Problem statement.
From the records below, please repeat exactly the line that has "Freuen Sie sich", the line that has "screenshots above). |", and every line between them, and nothing else.

Supplied entries.
::::

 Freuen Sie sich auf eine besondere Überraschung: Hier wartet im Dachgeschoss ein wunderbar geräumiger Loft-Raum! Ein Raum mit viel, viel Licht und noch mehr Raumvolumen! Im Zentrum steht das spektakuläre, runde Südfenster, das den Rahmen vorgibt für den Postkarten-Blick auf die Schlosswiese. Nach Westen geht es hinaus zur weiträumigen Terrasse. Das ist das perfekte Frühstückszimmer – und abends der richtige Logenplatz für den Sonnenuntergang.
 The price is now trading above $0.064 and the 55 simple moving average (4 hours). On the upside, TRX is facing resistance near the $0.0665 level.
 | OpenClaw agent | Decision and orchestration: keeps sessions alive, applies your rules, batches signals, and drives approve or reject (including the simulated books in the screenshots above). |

::::

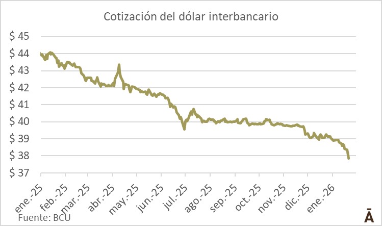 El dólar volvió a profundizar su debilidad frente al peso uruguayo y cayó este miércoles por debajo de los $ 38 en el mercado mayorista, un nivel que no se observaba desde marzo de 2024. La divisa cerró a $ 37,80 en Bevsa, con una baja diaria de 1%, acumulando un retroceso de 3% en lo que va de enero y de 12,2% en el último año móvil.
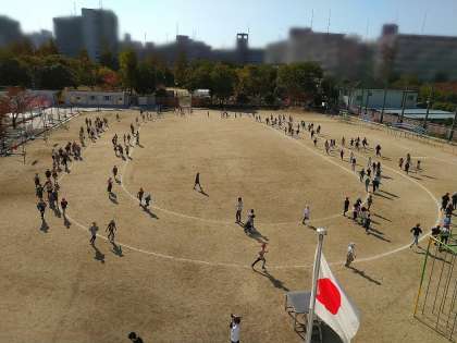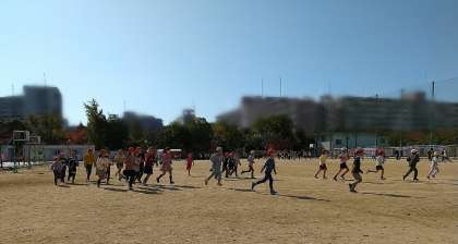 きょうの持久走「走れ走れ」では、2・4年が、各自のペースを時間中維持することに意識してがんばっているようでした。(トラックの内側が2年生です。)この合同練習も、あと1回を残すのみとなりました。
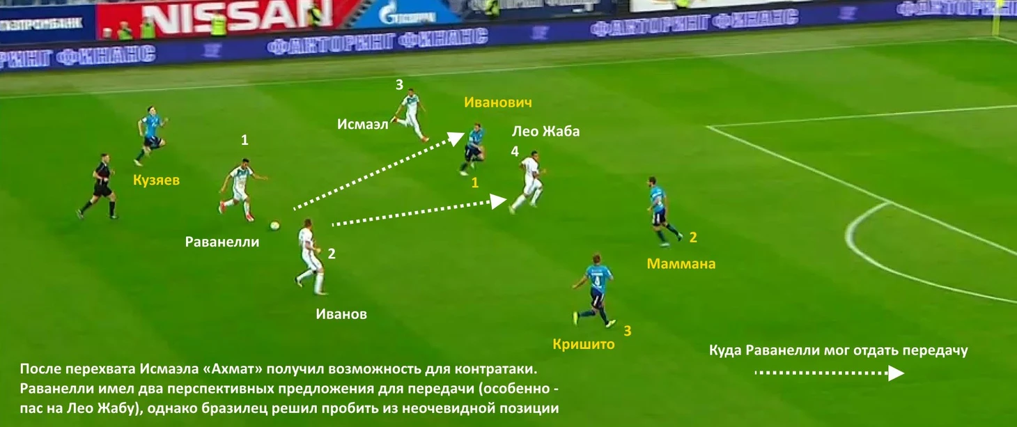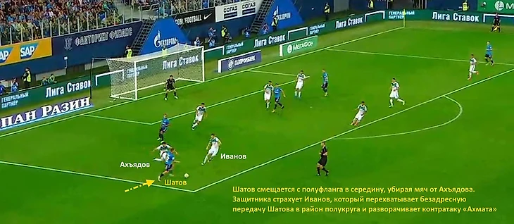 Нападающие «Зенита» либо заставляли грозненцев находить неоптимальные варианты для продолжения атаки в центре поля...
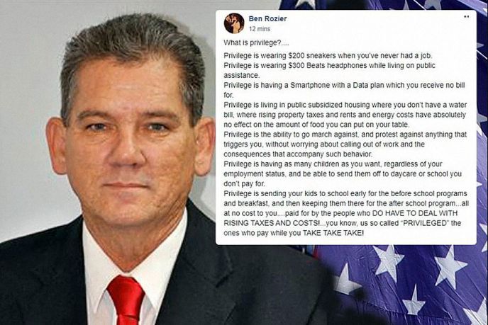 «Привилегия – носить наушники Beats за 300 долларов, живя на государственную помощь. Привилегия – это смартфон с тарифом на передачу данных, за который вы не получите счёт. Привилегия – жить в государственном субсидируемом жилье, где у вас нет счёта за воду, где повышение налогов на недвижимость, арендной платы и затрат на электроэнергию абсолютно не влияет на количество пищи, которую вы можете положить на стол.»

::::

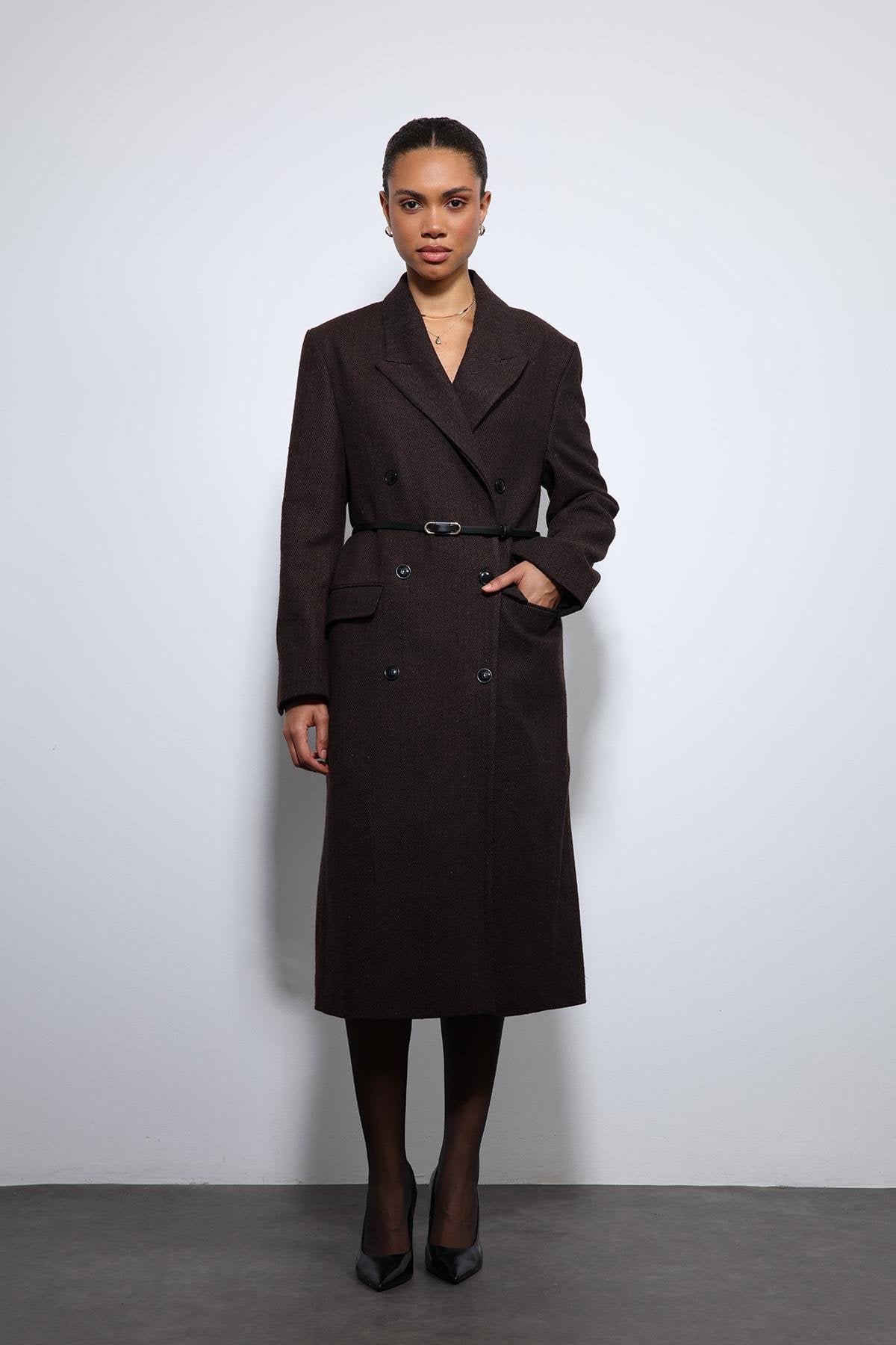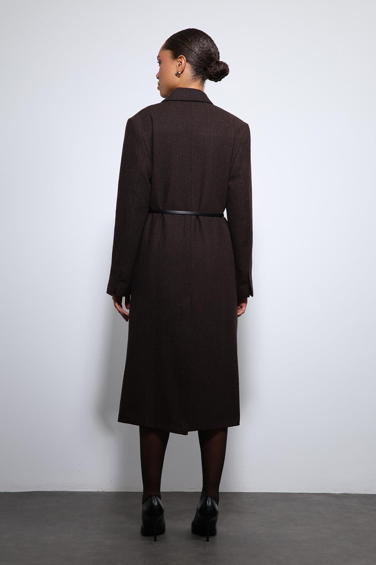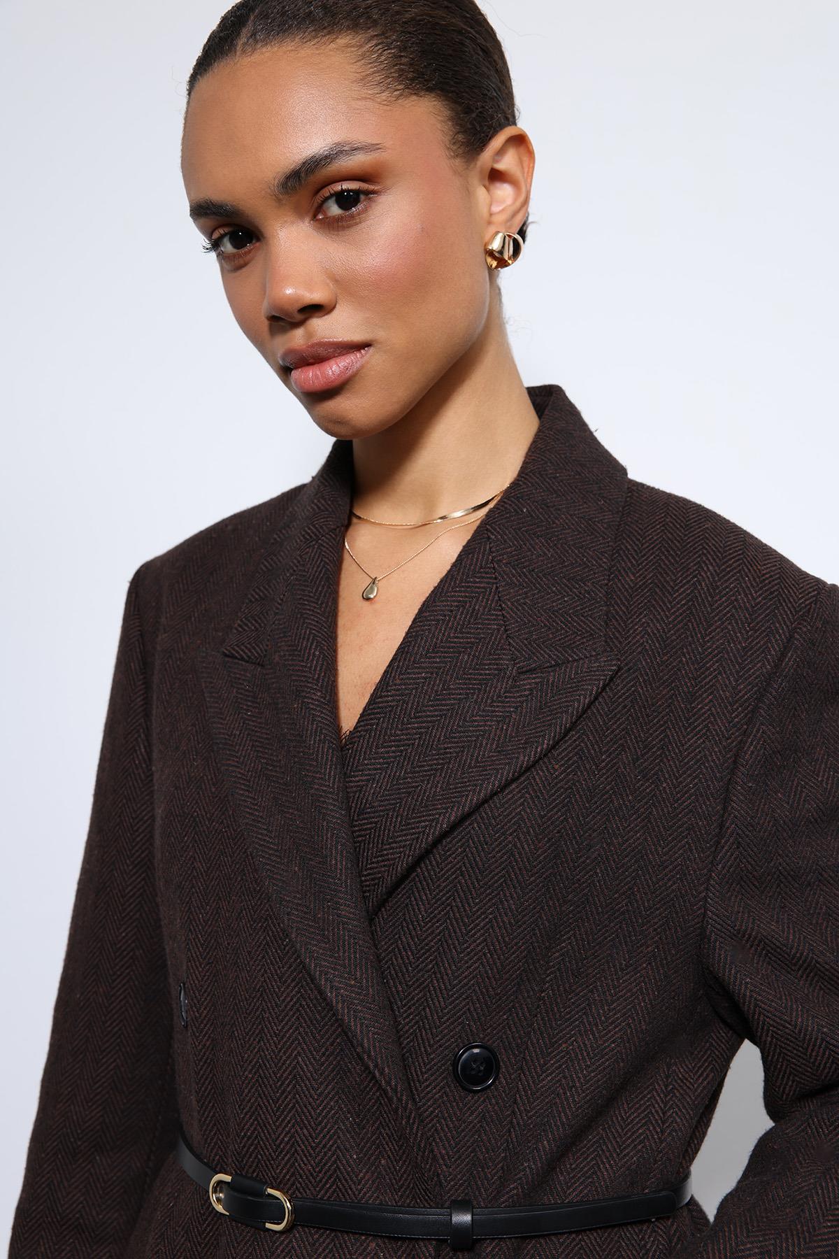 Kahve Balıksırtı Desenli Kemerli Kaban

::::

Result of this exercise.
 Freuen Sie sich auf eine besondere Überraschung: Hier wartet im Dachgeschoss ein wunderbar geräumiger Loft-Raum! Ein Raum mit viel, viel Licht und noch mehr Raumvolumen! Im Zentrum steht das spektakuläre, runde Südfenster, das den Rahmen vorgibt für den Postkarten-Blick auf die Schlosswiese. Nach Westen geht es hinaus zur weiträumigen Terrasse. Das ist das perfekte Frühstückszimmer – und abends der richtige Logenplatz für den Sonnenuntergang.
 The price is now trading above $0.064 and the 55 simple moving average (4 hours). On the upside, TRX is facing resistance near the $0.0665 level.
 | OpenClaw agent | Decision and orchestration: keeps sessions alive, applies your rules, batches signals, and drives approve or reject (including the simulated books in the screenshots above). |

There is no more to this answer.